Tras tres intentos fallidos, Keiko Fujimori logró imponerse en las elecciones presidenciales de 2026 con el 50,135 % de los votos válidos, superando por apenas 49.641 votos a Roberto Sánchez. De acuerdo con un análisis de BBC News Mundo, la victoria de la lideresa de Fuerza Popular responde a una combinación de factores políticos y sociales que modificaron el escenario electoral respecto a los comicios anteriores.
El primero de ellos es el debilitamiento del antifujimorismo, que durante más de una década logró unir a sectores de distintas tendencias para impedir su llegada al poder. Analistas citados por el medio sostienen que el desgaste del gobierno de Pedro Castillo, la muerte de Alberto Fujimori en 2024 y la candidatura de Roberto Sánchez, identificado con el castillismo, redujeron la capacidad de ese bloque para movilizar votantes.
Otro elemento determinante fue el cansancio ciudadano frente a la prolongada inestabilidad política.
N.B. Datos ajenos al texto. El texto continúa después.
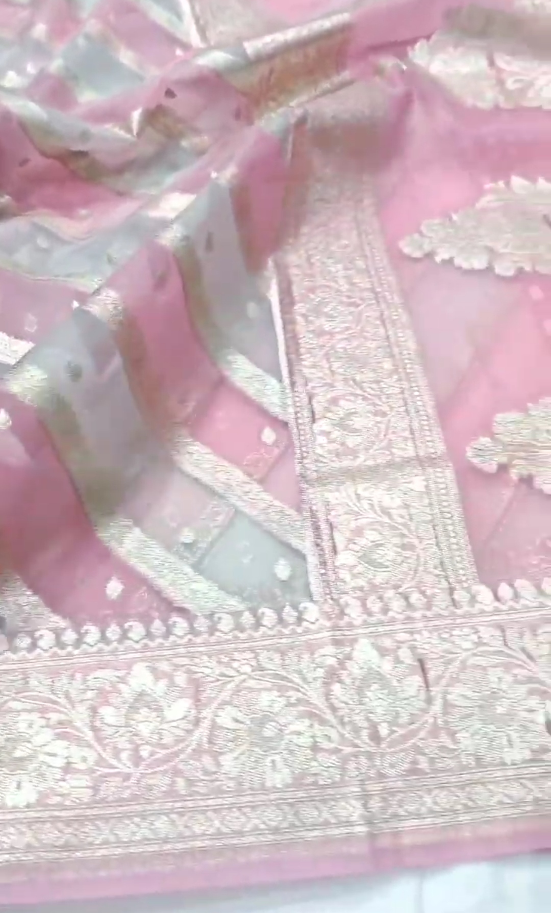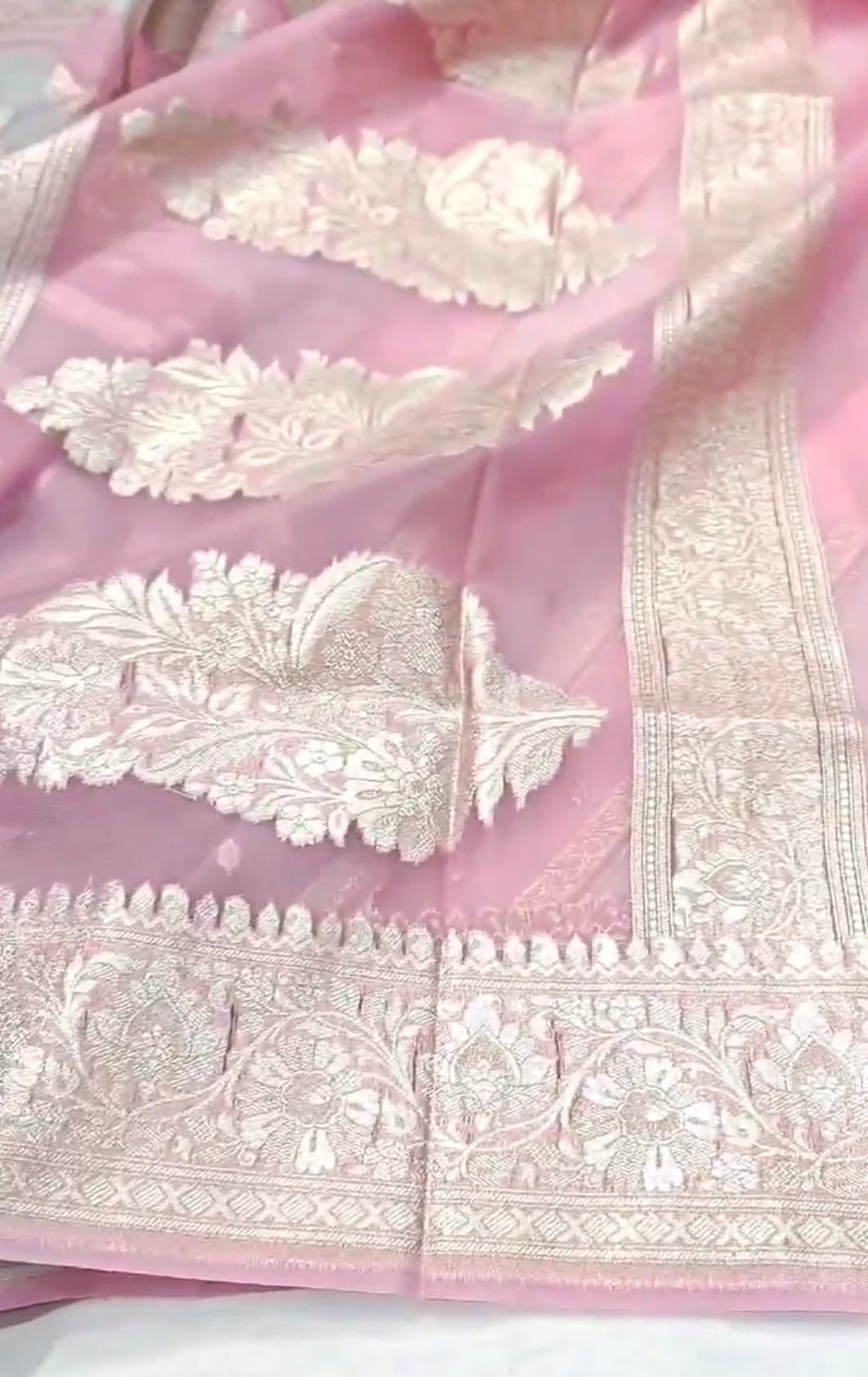 Rose Banarasi Handloom Kora Organza Silk Saree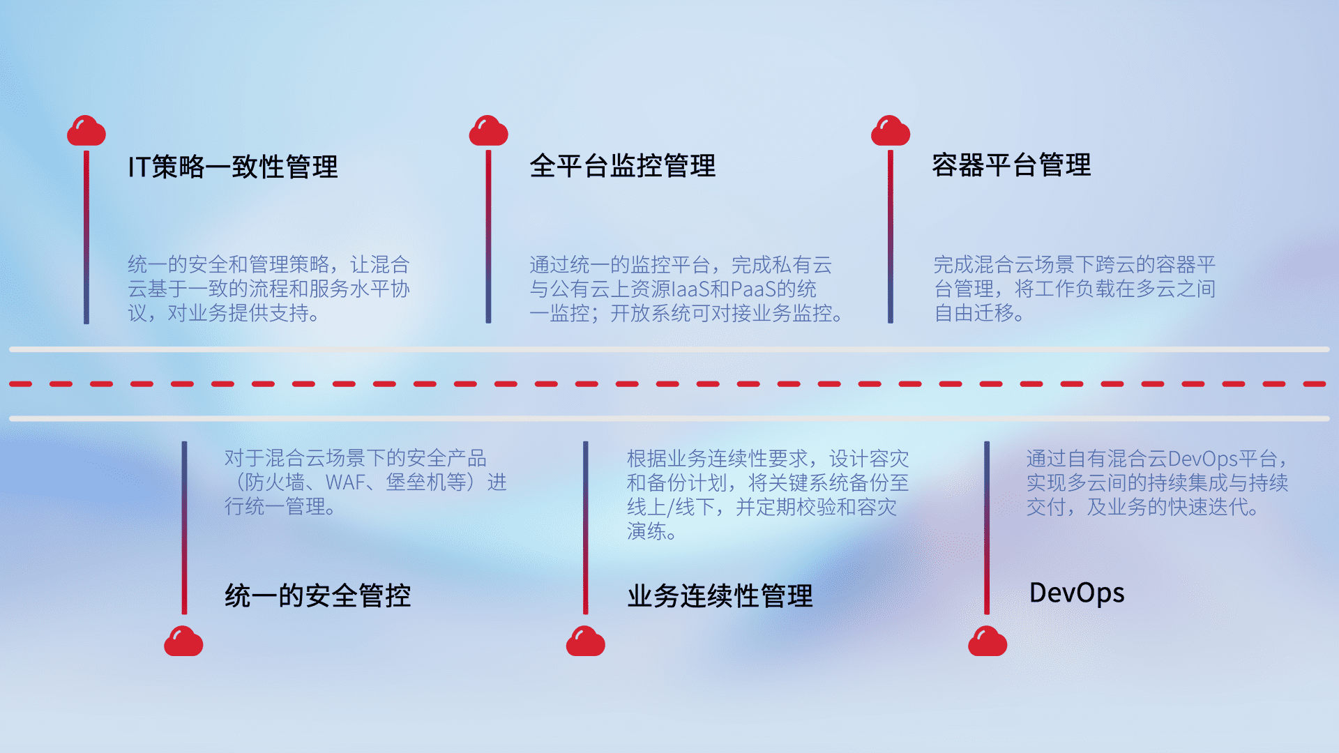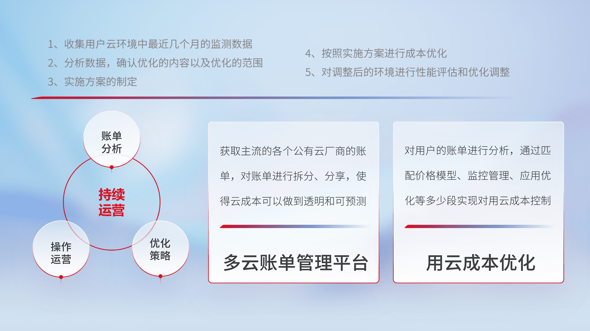 通过多云纳管,,,以统一的资源数据模型把客户的云资源进行抽象和封装,,,,进而实现对多云资源的统一操作,,,,保障云资源管理的可靠性、、稳定性与可用性。。。。量身定制化运维内容,,,配置、、开发运维、、、补丁管理、、、备份、、、监控、、、、认证和访问管理、、、、审计和日常巡检等,,,保障在用云过程中的可靠度,,,,稳定度以及高可用率。。。。

En la última década, Perú ha tenido ocho presidentes, un contexto que, según especialistas, llevó a parte del electorado a optar por una propuesta que ofrecía gobernabilidad y estabilidad institucional.
Finalmente, la seguridad se consolidó como uno de los principales ejes de la campaña. Keiko Fujimori centró su discurso en medidas de «mano dura» contra la delincuencia, prometiendo reforzar la lucha contra el crimen organizado y recuperar el orden. En un contexto marcado por el aumento de la inseguridad, esa propuesta encontró respaldo en un sector importante del electorado y terminó inclinando una de las elecciones más reñidas de las últimas décadas.